Lines from the one with "Figure 12, reinforces" up to and including the one with "Radiant Ethiopian Dress" are to be copied exactly from the records below, without their pictures.

━━ Supplied records

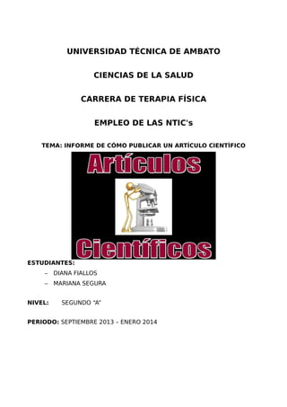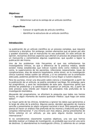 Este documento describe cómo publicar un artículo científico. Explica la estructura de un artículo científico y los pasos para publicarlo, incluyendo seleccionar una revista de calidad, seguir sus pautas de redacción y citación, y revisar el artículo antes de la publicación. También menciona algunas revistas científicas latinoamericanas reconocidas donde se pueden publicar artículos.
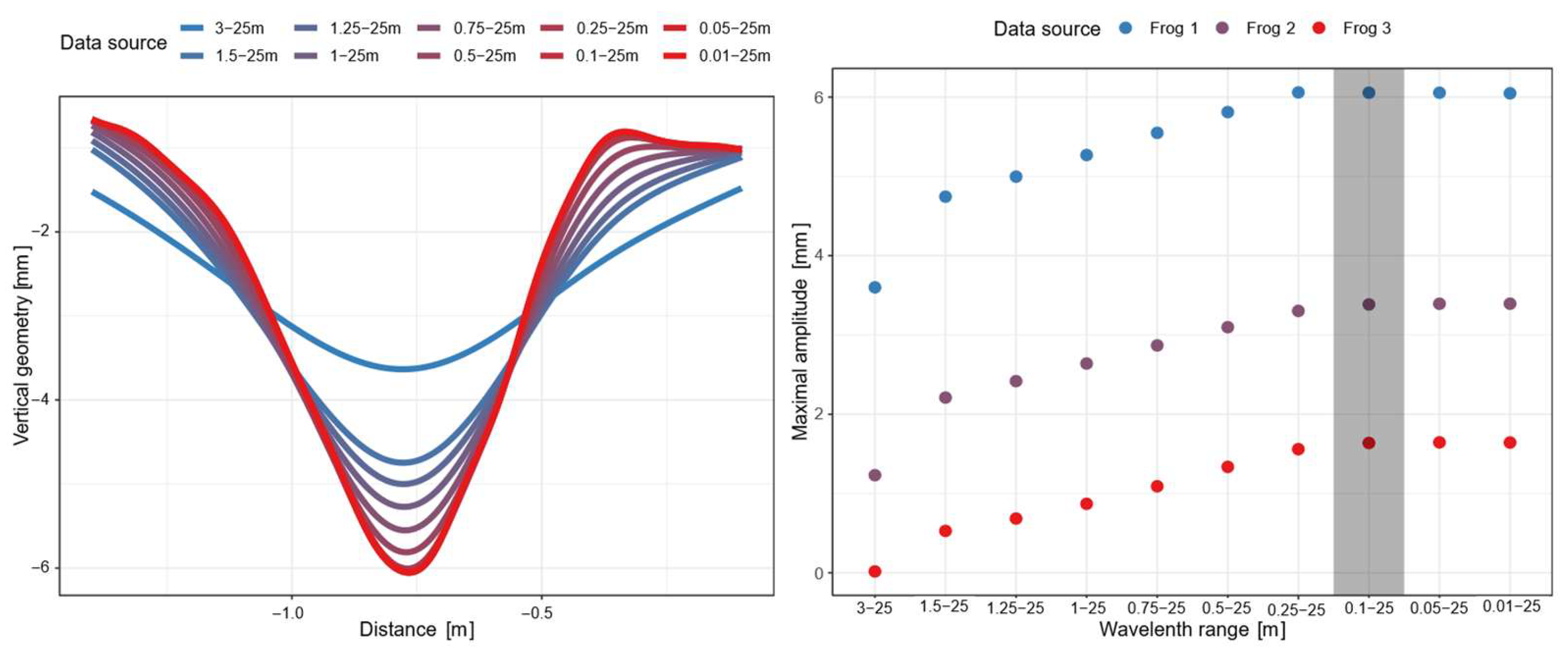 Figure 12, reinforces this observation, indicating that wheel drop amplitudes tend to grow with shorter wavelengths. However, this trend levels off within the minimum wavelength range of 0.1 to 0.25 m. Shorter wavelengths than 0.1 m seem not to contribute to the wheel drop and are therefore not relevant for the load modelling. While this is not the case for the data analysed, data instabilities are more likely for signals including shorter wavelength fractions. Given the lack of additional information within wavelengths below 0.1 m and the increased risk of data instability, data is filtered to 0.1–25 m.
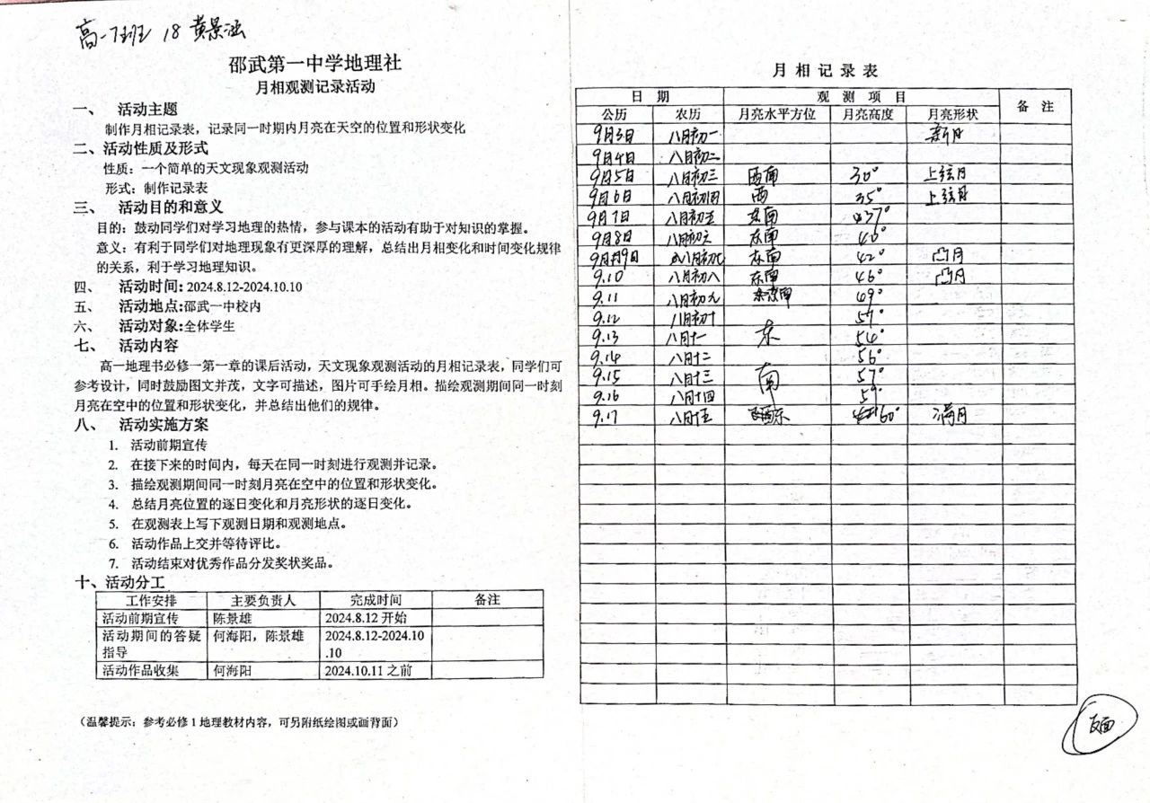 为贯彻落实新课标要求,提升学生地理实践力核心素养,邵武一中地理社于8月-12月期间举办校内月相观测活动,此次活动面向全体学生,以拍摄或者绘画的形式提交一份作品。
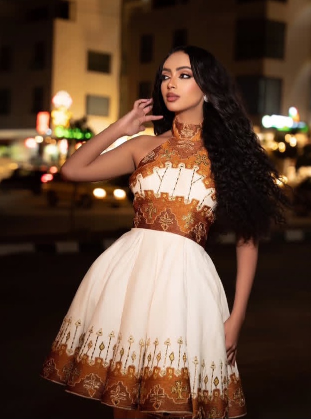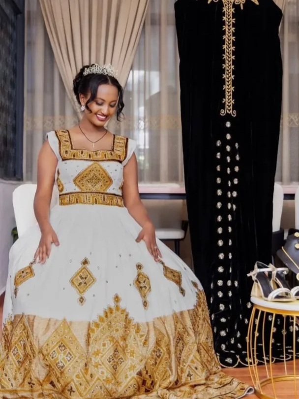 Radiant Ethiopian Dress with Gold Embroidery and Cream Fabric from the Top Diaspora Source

━━━━
━━ Supplied records

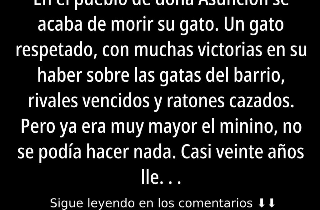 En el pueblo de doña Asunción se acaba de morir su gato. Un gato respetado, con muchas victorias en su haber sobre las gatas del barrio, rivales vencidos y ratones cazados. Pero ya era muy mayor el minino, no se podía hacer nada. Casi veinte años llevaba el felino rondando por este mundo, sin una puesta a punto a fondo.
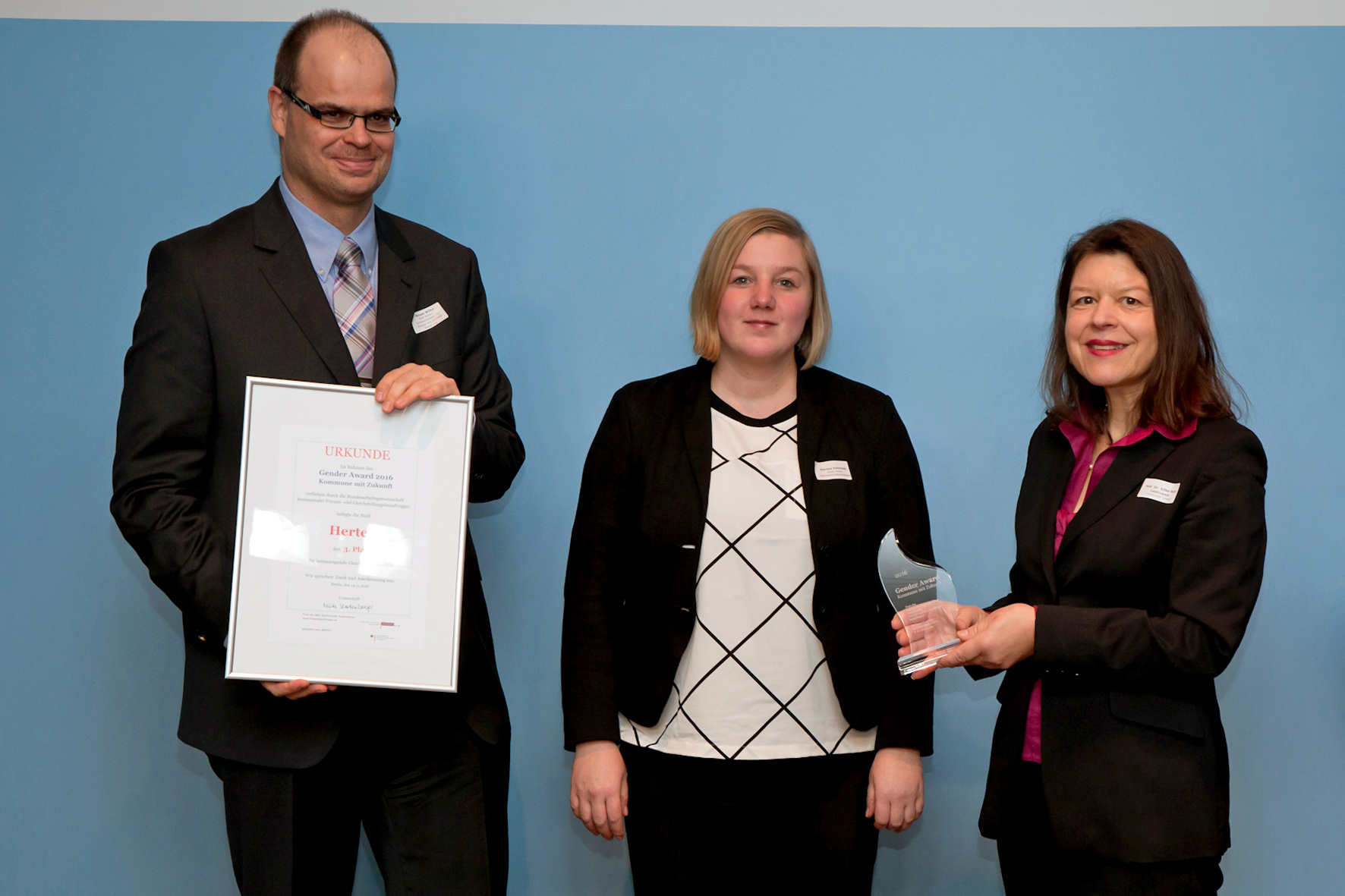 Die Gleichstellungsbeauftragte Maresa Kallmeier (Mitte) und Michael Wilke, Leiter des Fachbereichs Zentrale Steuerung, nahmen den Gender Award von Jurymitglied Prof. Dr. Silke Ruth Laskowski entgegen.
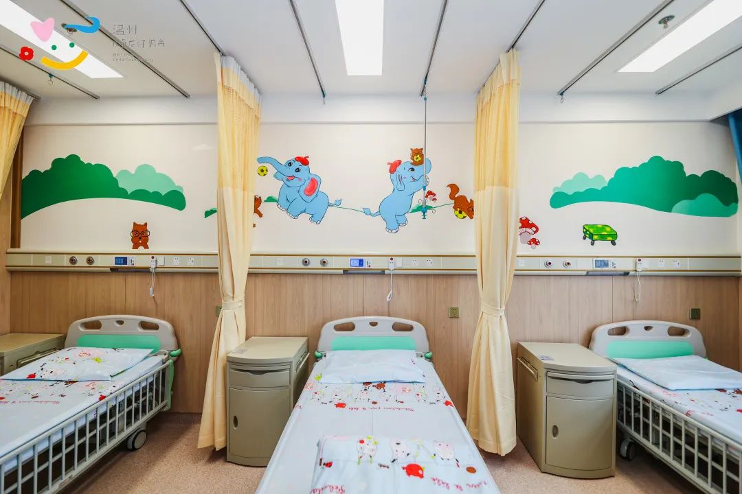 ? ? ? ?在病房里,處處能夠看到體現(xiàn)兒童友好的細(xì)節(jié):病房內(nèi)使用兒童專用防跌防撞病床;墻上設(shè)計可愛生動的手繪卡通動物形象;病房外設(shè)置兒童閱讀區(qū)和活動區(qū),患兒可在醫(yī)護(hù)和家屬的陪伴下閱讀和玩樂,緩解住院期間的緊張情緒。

━━━━
━━ Supplied records

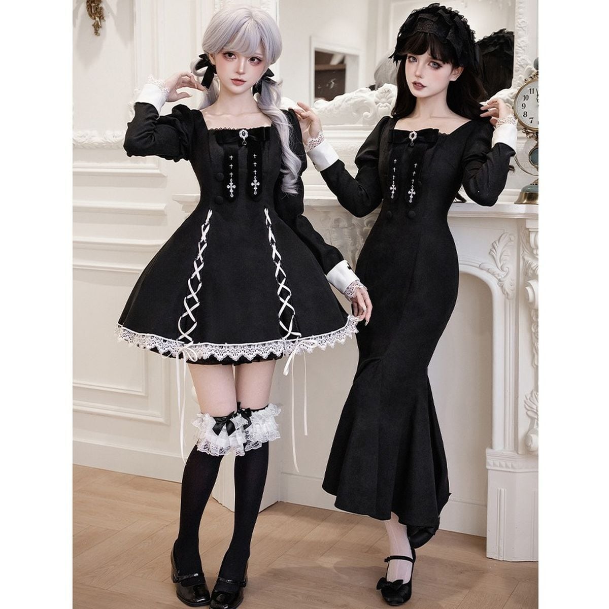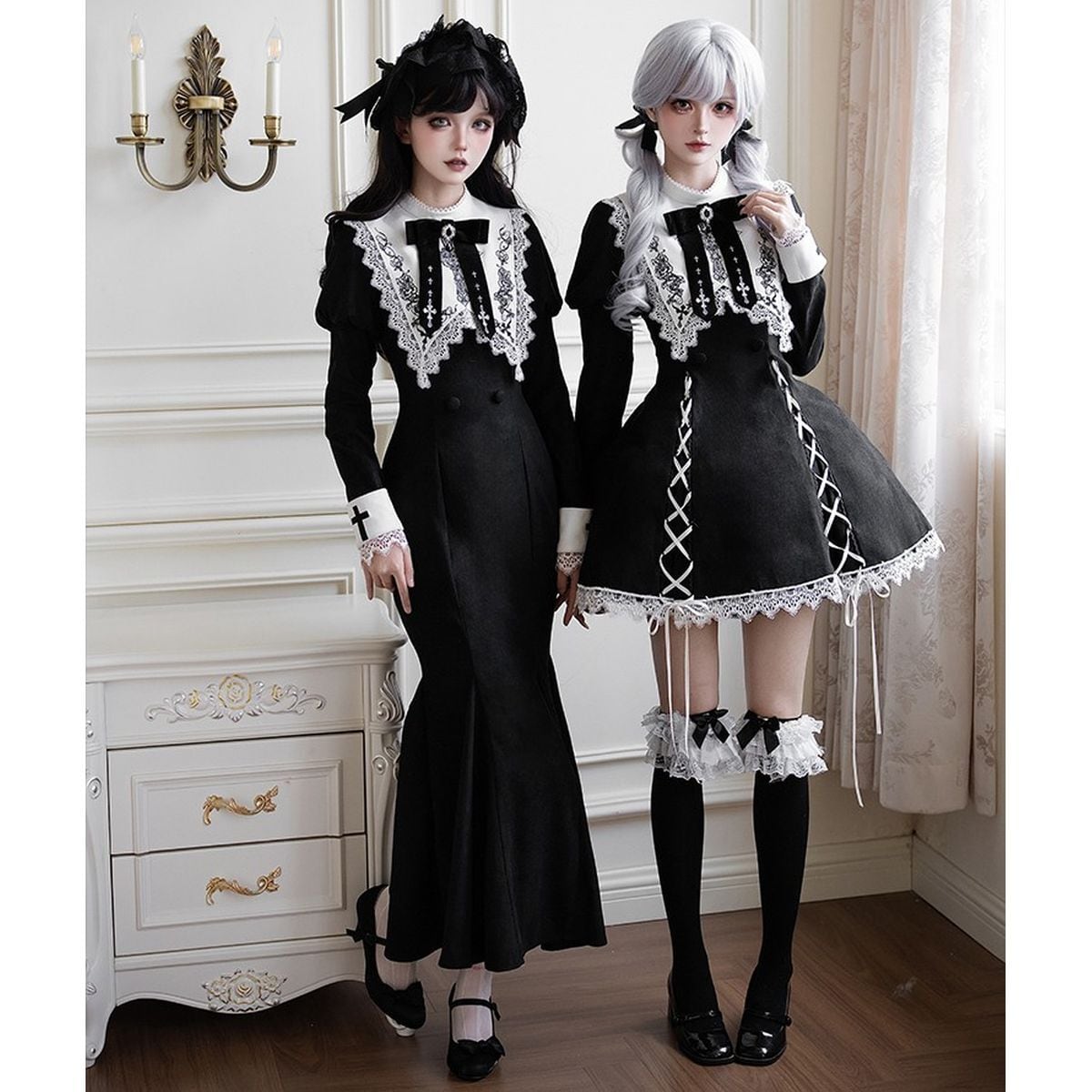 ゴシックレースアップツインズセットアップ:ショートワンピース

━━━━

Output below:
 Figure 12, reinforces this observation, indicating that wheel drop amplitudes tend to grow with shorter wavelengths. However, this trend levels off within the minimum wavelength range of 0.1 to 0.25 m. Shorter wavelengths than 0.1 m seem not to contribute to the wheel drop and are therefore not relevant for the load modelling. While this is not the case for the data analysed, data instabilities are more likely for signals including shorter wavelength fractions. Given the lack of additional information within wavelengths below 0.1 m and the increased risk of data instability, data is filtered to 0.1–25 m.
 为贯彻落实新课标要求,提升学生地理实践力核心素养,邵武一中地理社于8月-12月期间举办校内月相观测活动,此次活动面向全体学生,以拍摄或者绘画的形式提交一份作品。
 Radiant Ethiopian Dress with Gold Embroidery and Cream Fabric from the Top Diaspora Source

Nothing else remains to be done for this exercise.